== Work required ==
The entries are to be duplicated exactly, though any picture in them must be omitted.

== Data to use ==
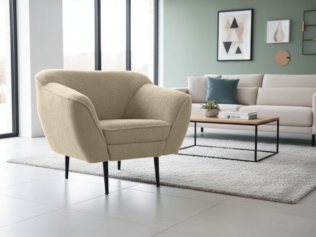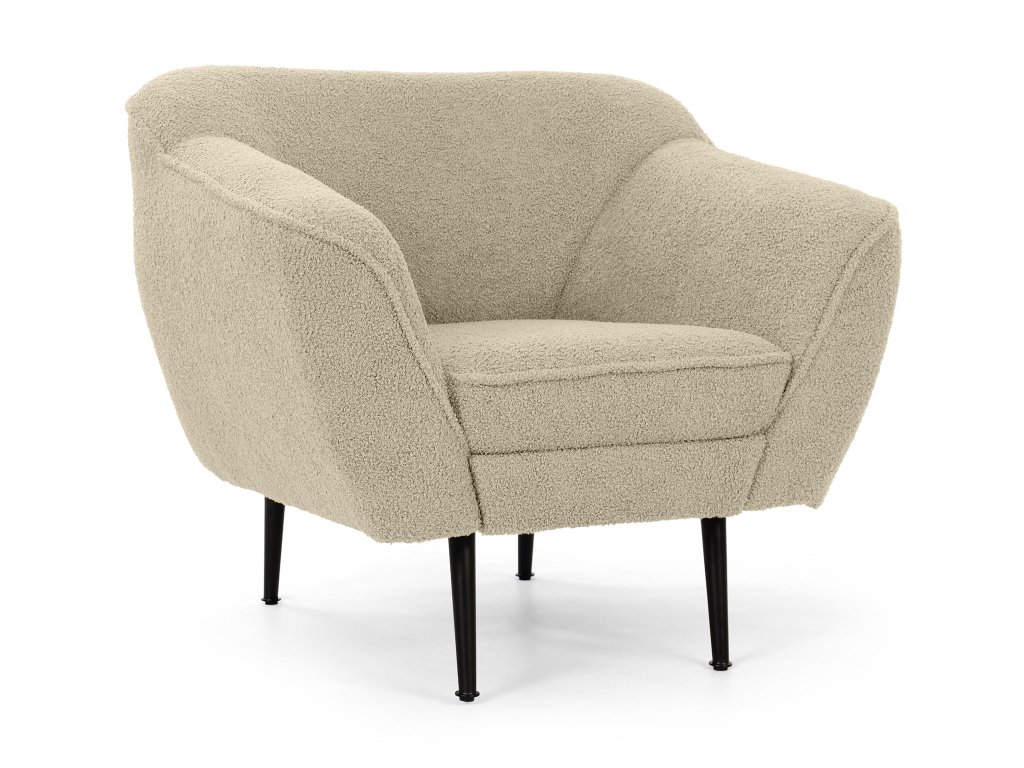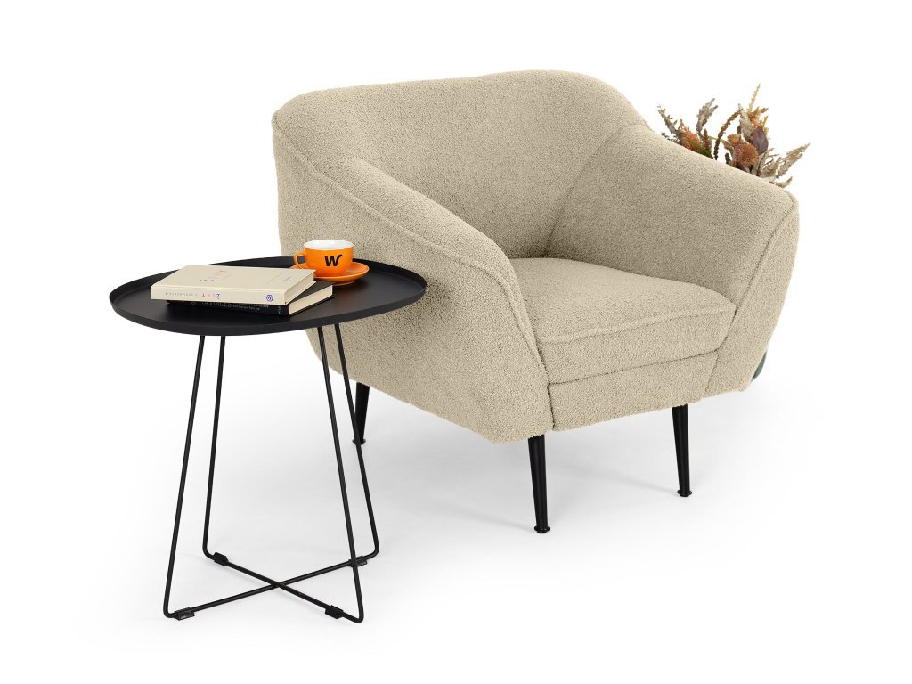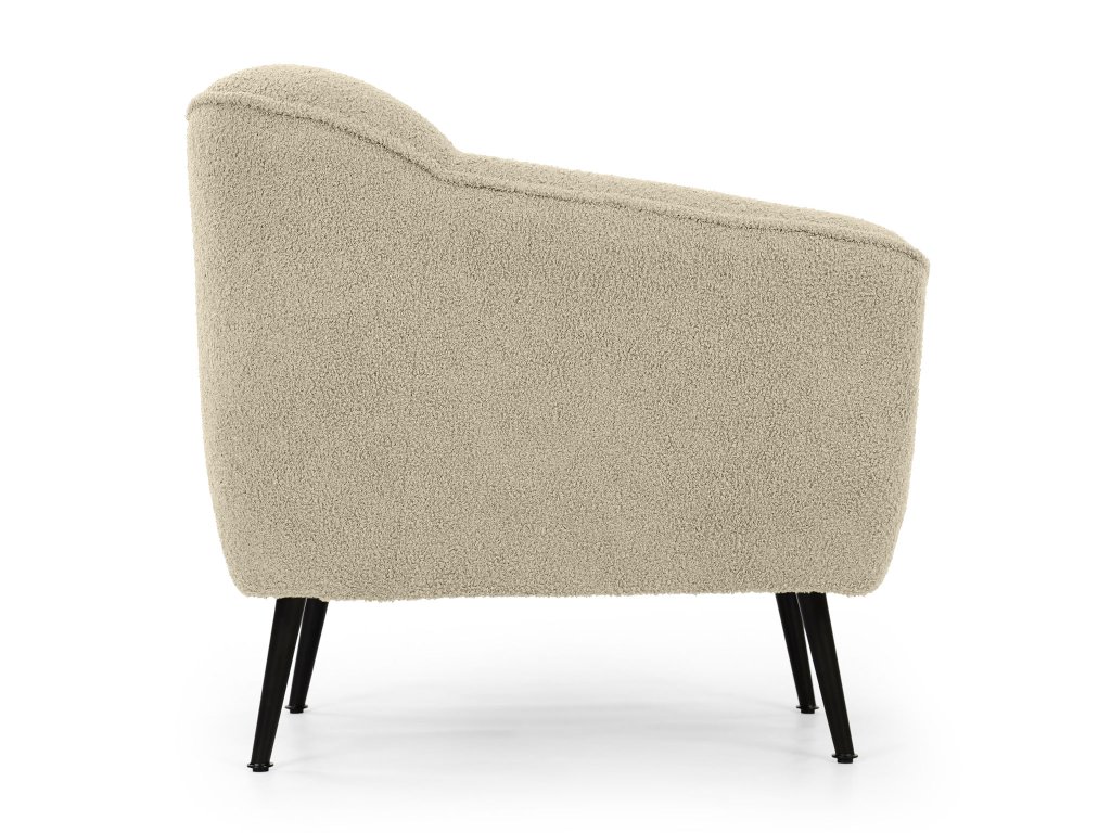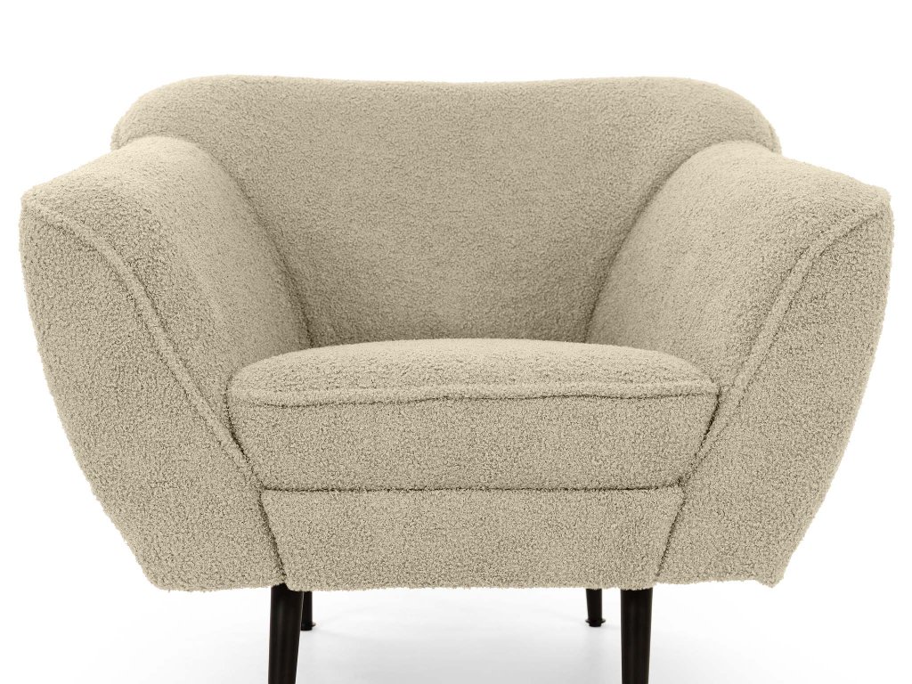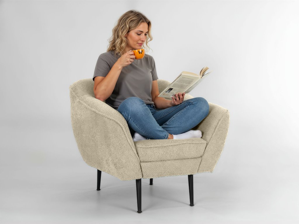 Svetlé, nadčasové a neuveriteľne pohodlné – také je čalúnené kreslo Bowy v krémovom prevedení. Jeho jemný odtieň rozjasní každý interiér a vytvorí pocit priestoru, pokoja a čistoty. Oblý tvar pôsobí mäkko a elegantne, zatiaľ čo čierne kovové nohy dodávajú nábytku moderný kontrast. Látka Now or Never v štruktúre bouclé má charakteristický kučeravý povrch, ktorý pripomína jahňaciu vlnu – je hrejivá, hebká a príjemná na dotyk. V kombinácii s vlnitými pružinami a penami vysokej hustoty ponúka kreslo výnimočné pohodlie a kvalitnú oporu tela počas každodenného oddychu.
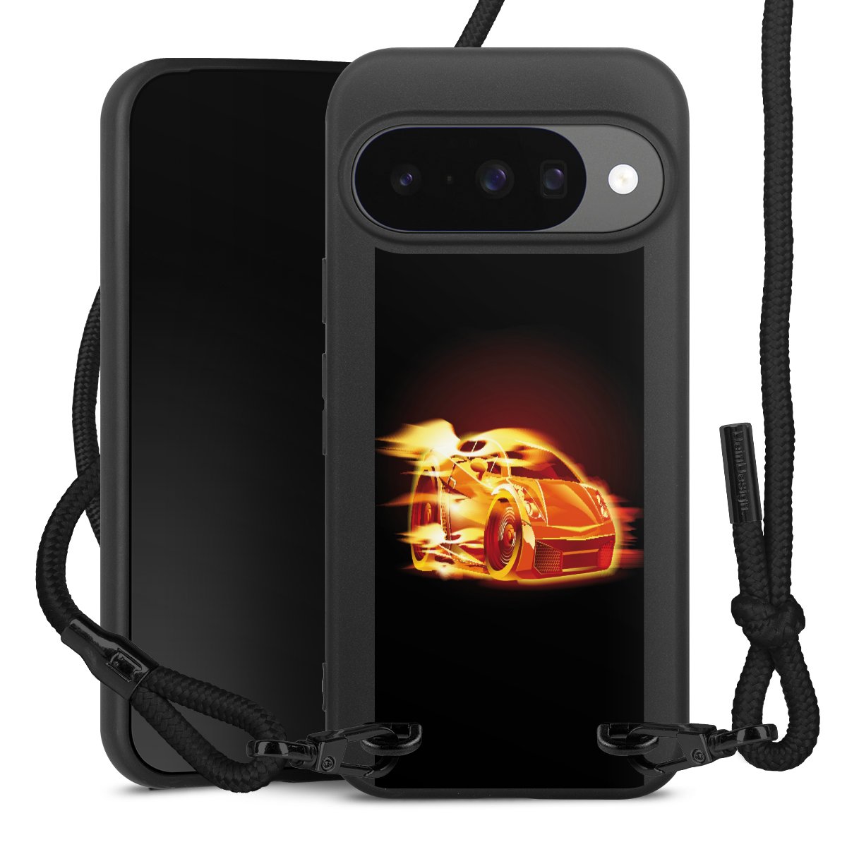 Pure Black: Handyhülle, Stoffband und Metalldetails in stylischem Mattschwarz.
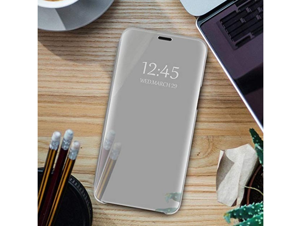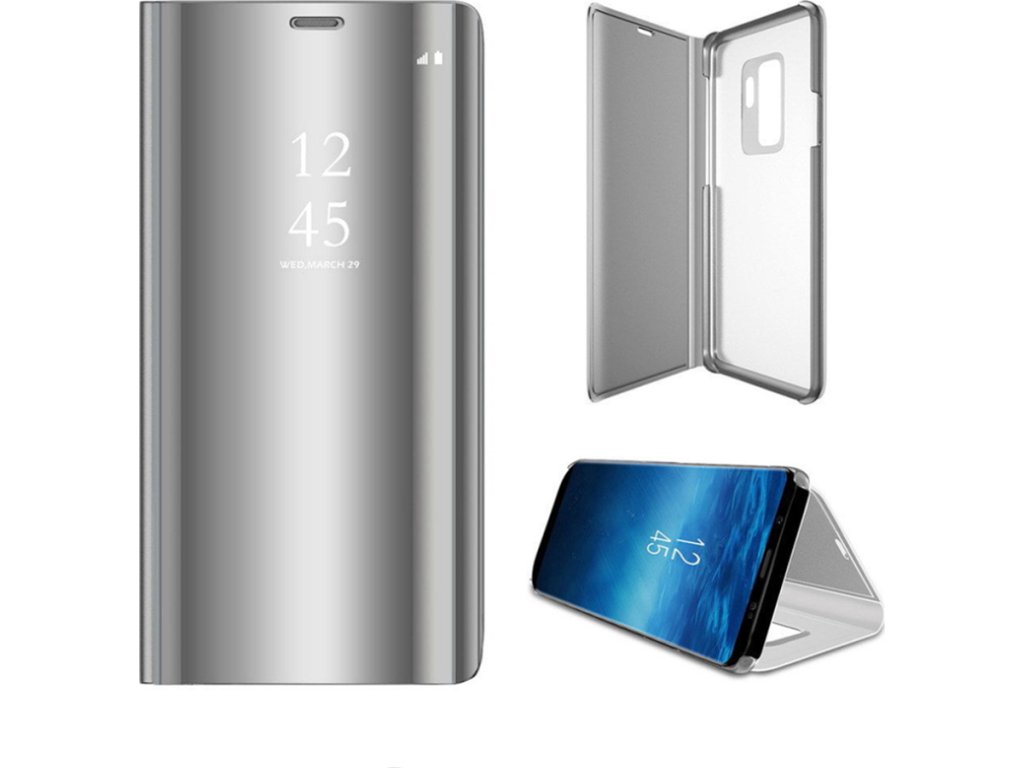 Pouzdro Smart Clear View pro Samsung Galaxy A14 4G / A14 5G stříbrný
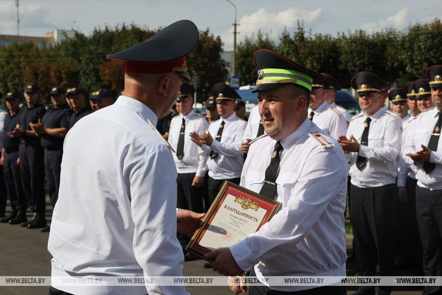 28 августа, Борисов /Корр. БЕЛТА/. Госавтоинспекция Борисовского РУВД совместно с ротой патрульно-постовой службы переехала в новое здание. В структуру объекта вошло межрайонное регистрационно-экзаменационное отделение. Событие стало поводом для праздника, на котором не обошлось без подарков, передает корреспондент БЕЛТА.
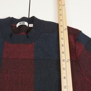 Uniqlo U Crew Neck Check 100% Wool Pullover Red Blue Sweater Mens Sz S
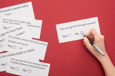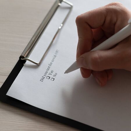 Unrecognizable woman puts a daw in the questionnaire. A close-up of a female hand answering about a a covid-19 question. marking in a checkbox

== Completed exercise ==
 Svetlé, nadčasové a neuveriteľne pohodlné – také je čalúnené kreslo Bowy v krémovom prevedení. Jeho jemný odtieň rozjasní každý interiér a vytvorí pocit priestoru, pokoja a čistoty. Oblý tvar pôsobí mäkko a elegantne, zatiaľ čo čierne kovové nohy dodávajú nábytku moderný kontrast. Látka Now or Never v štruktúre bouclé má charakteristický kučeravý povrch, ktorý pripomína jahňaciu vlnu – je hrejivá, hebká a príjemná na dotyk. V kombinácii s vlnitými pružinami a penami vysokej hustoty ponúka kreslo výnimočné pohodlie a kvalitnú oporu tela počas každodenného oddychu.
 Pure Black: Handyhülle, Stoffband und Metalldetails in stylischem Mattschwarz.
 Pouzdro Smart Clear View pro Samsung Galaxy A14 4G / A14 5G stříbrný
 28 августа, Борисов /Корр. БЕЛТА/. Госавтоинспекция Борисовского РУВД совместно с ротой патрульно-постовой службы переехала в новое здание. В структуру объекта вошло межрайонное регистрационно-экзаменационное отделение. Событие стало поводом для праздника, на котором не обошлось без подарков, передает корреспондент БЕЛТА.
 Uniqlo U Crew Neck Check 100% Wool Pullover Red Blue Sweater Mens Sz S
 Unrecognizable woman puts a daw in the questionnaire. A close-up of a female hand answering about a a covid-19 question. marking in a checkbox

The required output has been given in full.